Le visite con i nostri accompagnatori ci aprono gli occhi su una realtà per noi sconosciuta, e questa sarà l’esperienza più umanamente coinvolgente di tutto il viaggio. Ovviamente non tutto è perfetto e, com’è facile immaginare, quando un’ingente quantità di denaro si riversa in questi paesi è inevitabile che ci siano episodi di disonestà e ruberie varie: tutto questo però non scoraggia l’impegno e la dedizione di tanti operatori laici e religiosi, a conferma che la cooperazione non è, come ha sostenuto qualcuno, un circo che tiene in vita una miriade di organizzazioni che vivono e ingrassano sull’industria degli aiuti umanitari.

Quasi a casa
Ouagadougou è la più vivibile e ospitale delle capitali che abbiamo visitato; campeggiamo presso il Centro Shalom, dove operano diversi toscani. La temperatura, giorno dopo giorno, diventa sempre più insopportabile e le parti in metallo all’interno del camper diventano così calde da non poterle toccare.
A Bobo-Dioulasso è il momento di iniziare la lunga risalita verso lo Stretto di Gibilterra, ma questa volta siamo decisi ad evitare il Senegal e preferiamo percorrere la famigerata strada del deserto, entrando direttamente dal Mali in Mauritania. Ripassiamo per Bamako e ci dirigiamo verso il confine di Kobenni, nei cui pressi sono stati rapiti pochi mesi fa i due italiani. Seguiamo come programmato la nostra tabella di marcia in tre tappe, Ayoun, Kiffa e Aleg: la strada è tutta asfaltata e solo un tratto di 130 chilometri prima di Kiffa è completamente distrutto dalle inondazioni dell’estate passata.

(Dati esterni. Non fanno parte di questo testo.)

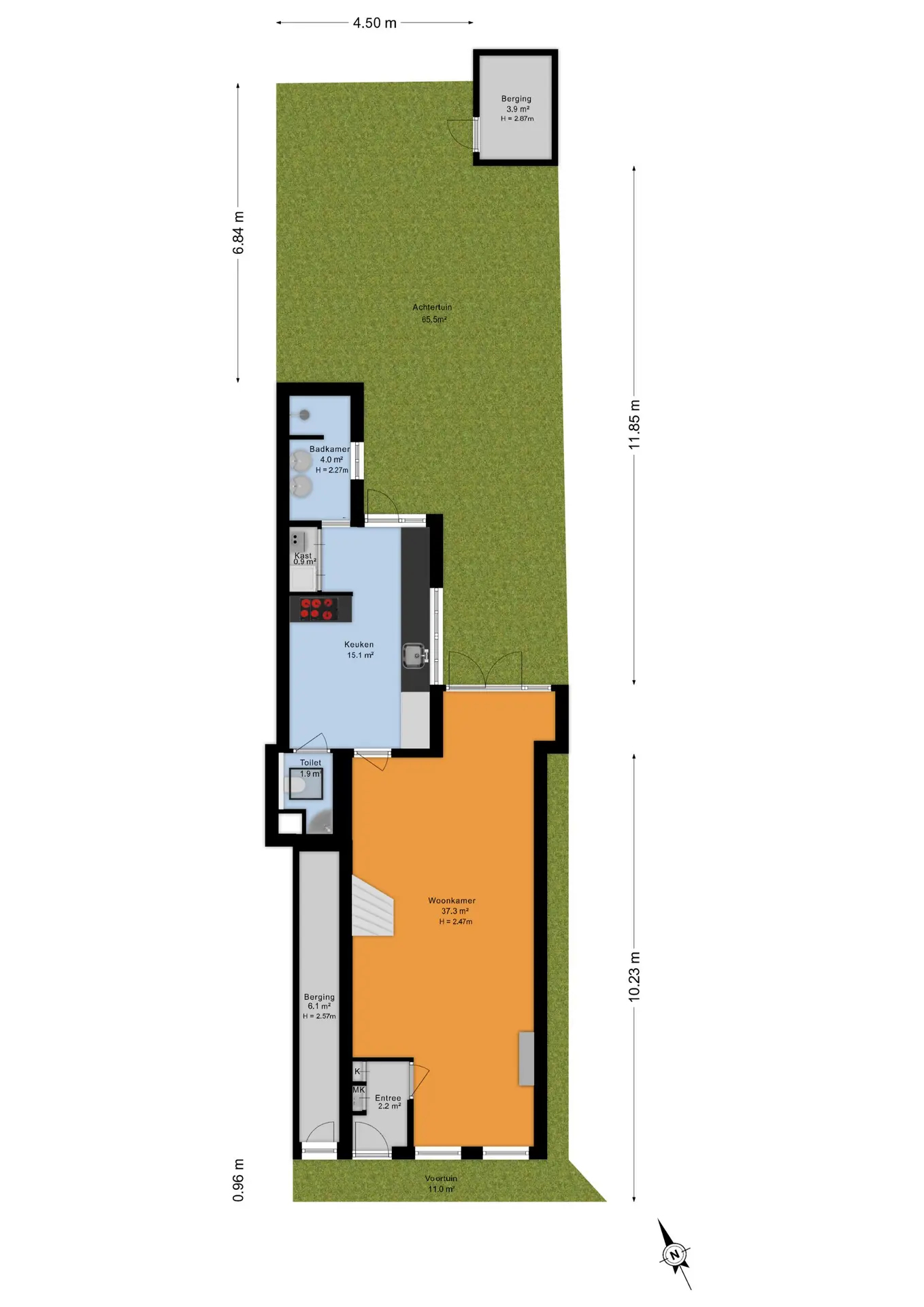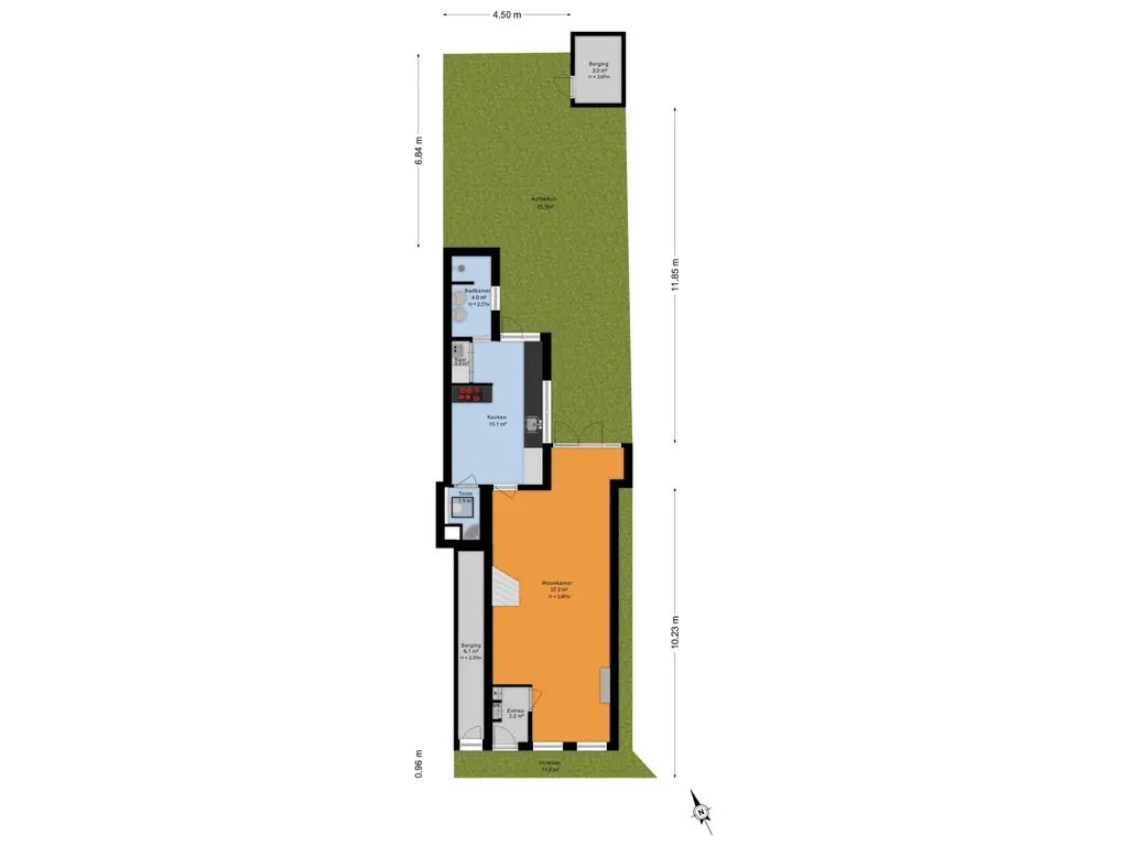 - Diepe tuin met overkapping, buitenkeuken en berging

Dopo Aleg viaggiamo attraverso un deserto di un colore rosso dorato, dove la sabbia spinta dal vento assume forme morbide con grandi onde a perdita d’occhio. E’ uno spettacolo splendido, al di là delle parole, il più bello da quando siamo in Africa. Sull’asfalto il tremolio dell’onda di calore crea dei miraggi, ci sembra di scorgere all’orizzonte laghi circondati da alberi e di vedere la strada trasformarsi in un fiume luccicante. Arrivati a Nouakchott, abbiamo quasi l’impressione di essere a casa: e dire che all’imbarco mancano ancora 4.000 chilometri.